Resumen Autores/as Descargas Referencias bibliográficas Cómo citar

Resumen

El virus de Epstein-Barr (VEB) fue el primer virus asociado a neoplasias en humanos. Infecta el 95 % de la población mundial, y aunque usualmente es asintomático, puede causar mononucleosis infecciosa y se relaciona con más de 200.000 casos de neoplasias al año. De igual forma, se asocia con esclerosis múltiple y otras enfermedades autoinmunes. A pesar de ser catalogado como un virus oncogénico, solo un pequeño porcentaje de los individuos infectados desarrollan neoplasias asociadas a VEB. Su persistencia involucra la capacidad de alternar entre una serie de programas de latencia, y de reactivarse cuando tiene la necesidad de colonizar nuevas células B de memoria, con el fin de sostener una infección de por vida y poder transmitirse a nuevos hospederos.
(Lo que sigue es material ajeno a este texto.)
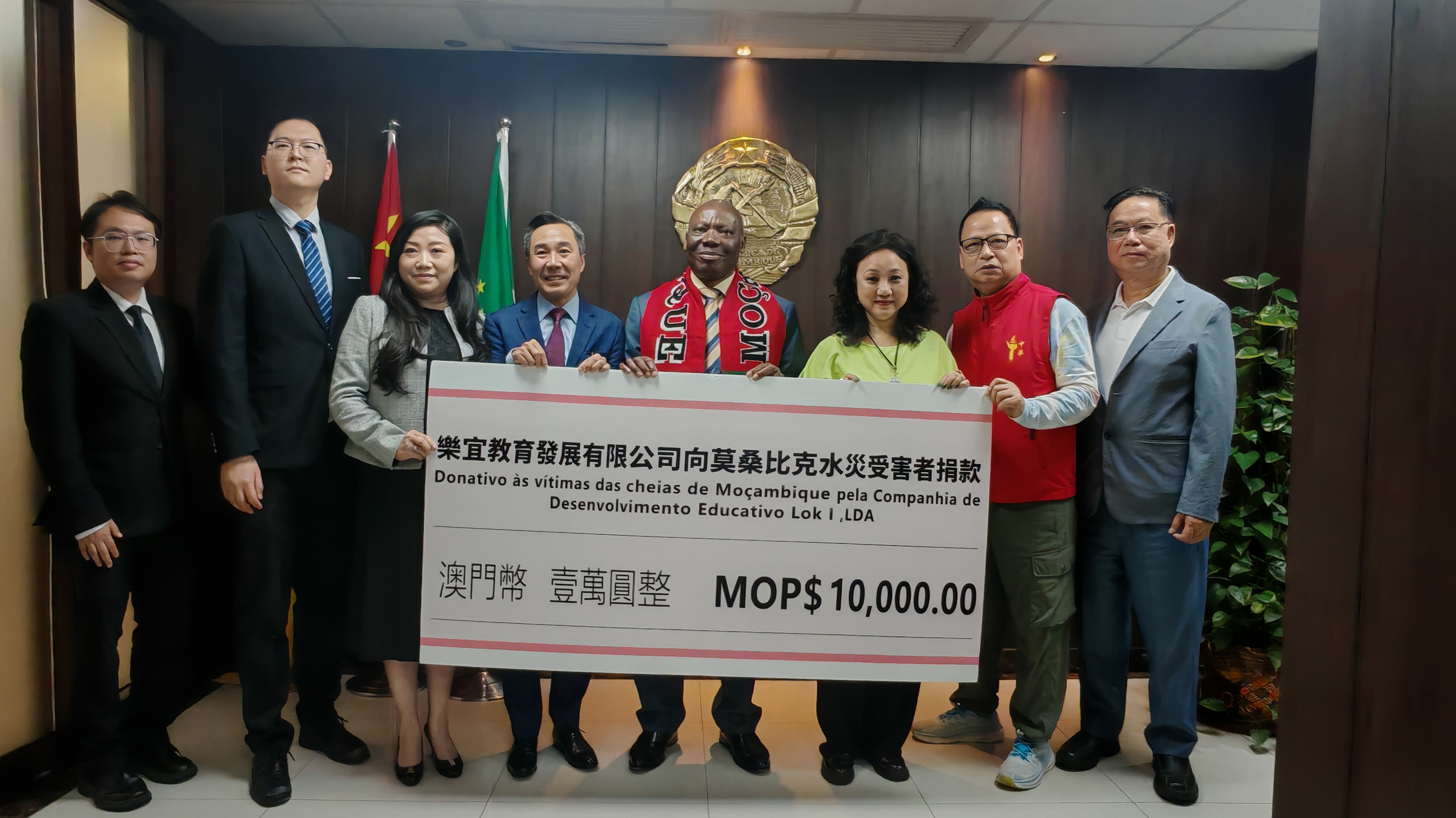 應莫桑比克共和國駐澳門總領事的要求,三月三十日上午十一時,澳門公職人員協會大會主席姍桃絲、澳門博彩中介人專業協會主席余堯洪、中華傳統文化協會副主席余堯輝、樂宜教育發展有限公司董事總經理黃惠子、執行董事陳家亮等一行,前往莫桑比克駐澳門總領事館,捐贈一萬澳門元善款,持續為當地抗洪救災及重建工作貢獻力量。

En esta revisión se presentan las generalidades del VEB, además de su asociación con varios tipos de neoplasias, como son el carcinoma nasofaríngeo, el carcinoma gástrico, el linfoma de Hodgkin y el linfoma de Burkitt, y la esclerosis múltiple. Adicionalmente, se describen los mecanismos fisiopatológicos de las diferentes entidades, algunos de ellos no completamente dilucidados.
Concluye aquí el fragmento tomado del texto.